The tumor-associated carbohydrate Tn antigens include two variants, αGalNAc- O-Thr and αGalNAc- O-Ser. In solution, they exhibit dissimilar shapes and dynamics and bind differently to the same protein receptor. Here, we demonstrate experimentally and theoretically that their conformational preferences in the gas phase are highly similar, revealing the essential role of water.
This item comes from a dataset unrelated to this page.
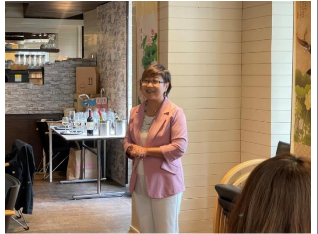
出席瑞士僑務座談餐會致詞

We propose that water molecules prompt the rotation around the glycosidic linkage in the threonine derivative, shielding its hydrophobic methyl group and allowing an optimal solvation of the polar region of the antigen. The unusual arrangement of αGalNAc- O-Thr features a water molecule bound into a "pocket" between the sugar and the threonine. This mechanism is supported by trapping, for the first time, such localized water in the crystal structures of an antibody bound to two glycopeptides that comprise fluorinated Tn antigens in their structure. According to several reported X-ray structures, installing oxygenated amino acids in specific regions of the receptor capable of displacing the bridging water molecule to the bulk-solvent may facilitate the molecular recognition of the Tn antigen with threonine. Overall, our data also explain how water fine-tunes the 3D structure features of similar molecules, which in turn are behind their distinct biological activities.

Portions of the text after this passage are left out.